- China is rapidly scaling its humanoid robotics sector, with projections suggesting up to 300 million units could eventually be deployed to offset population decline
- A Recorded Future report warns that compromised robots could be used for industrial espionage — or even physical attacks
- Telcos have a responsibility and opportunity to secure these IoT assets
Rogue humanoid robots are the stuff of science fiction. But research from threat intelligence company Recorded Future makes a compelling case that they're coming soon, and we'd better start work securing them now.
The argument is simple and direct: Major technology and automotive companies worldwide are investing in developing humanoid robots, including the Tesla Optimus Gen 2, Boston Dynamics Atlas and G-1, from the Chinese company Unitree. China is currently the leader and could eventually field about 300 million humanoid robots to offset its population decline. The U.S. might deploy 77 million robots.
"Having dominated the production of electric vehicles, China and its leadership are now aiming to dominate the humanoid robotics sector as well," according to the Recorded Future report, "The Future of Humanoid Robotics". Unitree's R-1 can be purchased now for about $5,500. "By 2060, studies project that up to three billion of these machines could coexist with humans, most of them serving in household and personal-assistant capacities," the report notes.
Notably, these robots would be connected Internet of Things devices, powered by artificial intelligence. That means that like all IoT devices, robots could be compromised by an attacker.
This threat is already real: "For example, researchers recently discovered a critical flaw in Unitree Roboticsʼ Bluetooth protocol that could let attackers wirelessly hijack its humanoid robots — machines already in use across labs, universities and law enforcement agencies. In another instance, researchers found leaked, hard-coded encryption keys that allow one compromised robot to infect others nearby, forming botnets with root-level control. One model also transmitted data to servers in China without user consent," the report noted.
The report focuses on the threats of industrial espionage and stolen designs. But the threats could be even more dire, Joe Rooke, director of risk insights at Recorded Future's Insikt Group, told Fierce in an interview.
Robots can be compromised through the supply chain or by Bluetooth. These include military robots armed with weapons. "These things can be turned on their human operators," Rooke said. He compared the scenario to the 2004 Will Smith movie "I, Robot," where benign humanoid robots start killing their human charges.
A dramatic viral video from May claims to show a "robot going berserk during testing," flailing its arms around while its human handlers fearfully scramble for safety.

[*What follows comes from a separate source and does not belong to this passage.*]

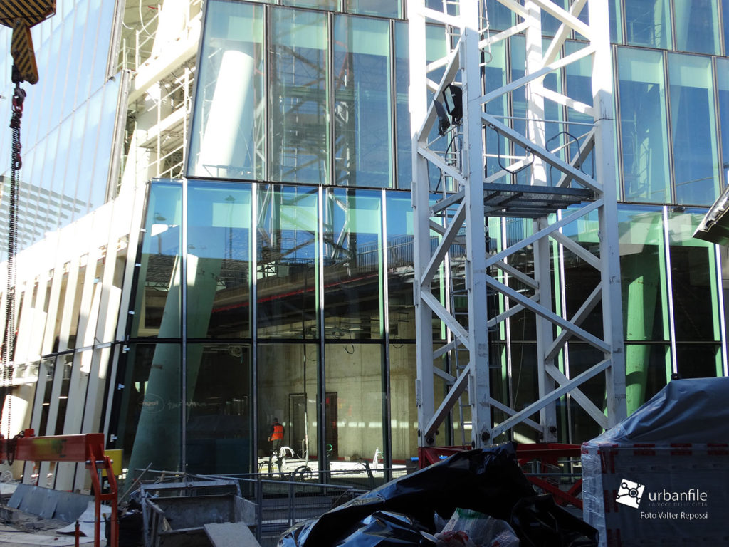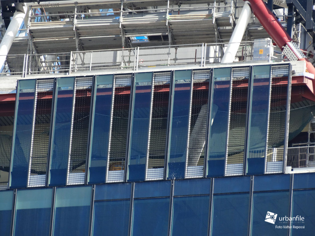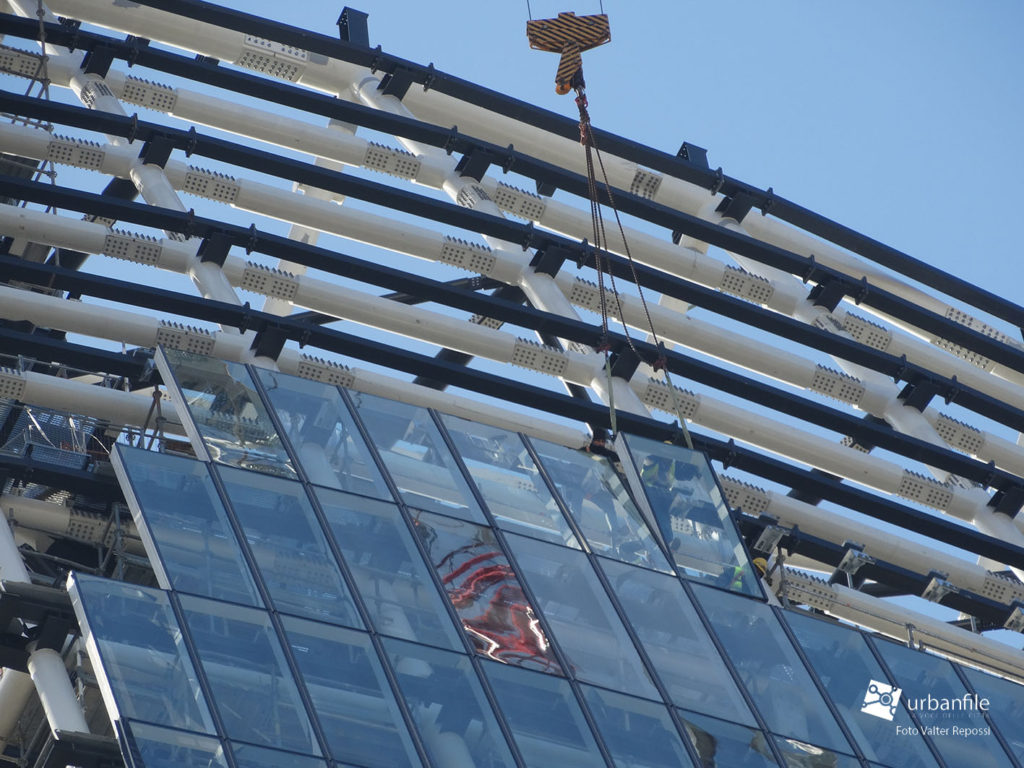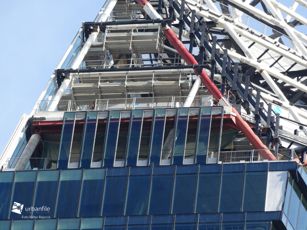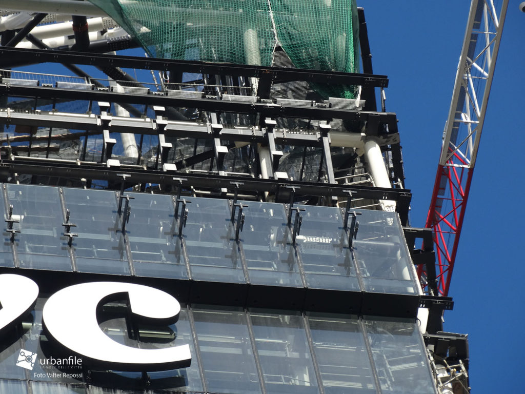 Per completare la torre progettata dall’architetto statunitense Daniel Libeskind, mancano ancora le vetrate delle facciate nella parte alta, qualche dettaglio ancora in facciata e gli interni.

Rooke explained that the robot wasn't on a rampage; likely it was simply acting on an error that led the machine to believe it was falling. But the video makes the point that robots are potentially dangerous, he said.

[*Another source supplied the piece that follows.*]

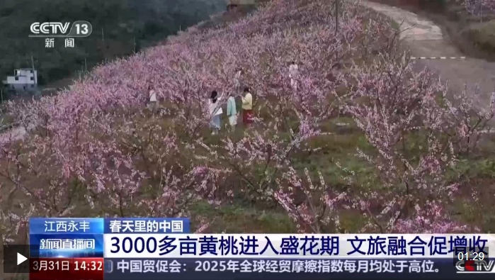 春风送暖,桃花漫山。这两天,江西吉安永丰县上溪乡的3000多亩黄桃进入盛花期,当地以此为契机,将生态观光、文化体验与线上助农直播有机结合,为乡村振兴注入新活力。

Why does this matter for telcos? Well, operators have both responsibility and opportunity in providing network security for robots and other IoT devices. "Telcos have an important role to play in this," Rooke said. Telcos should monitor updates going over networks, ensure only verified robots connect and monitor for abnormal behavior.
"Telcos have a huge amount of telemetry they can analyze," Rooke said. "Telcos have a responsibility to monitor for abnormal behavior."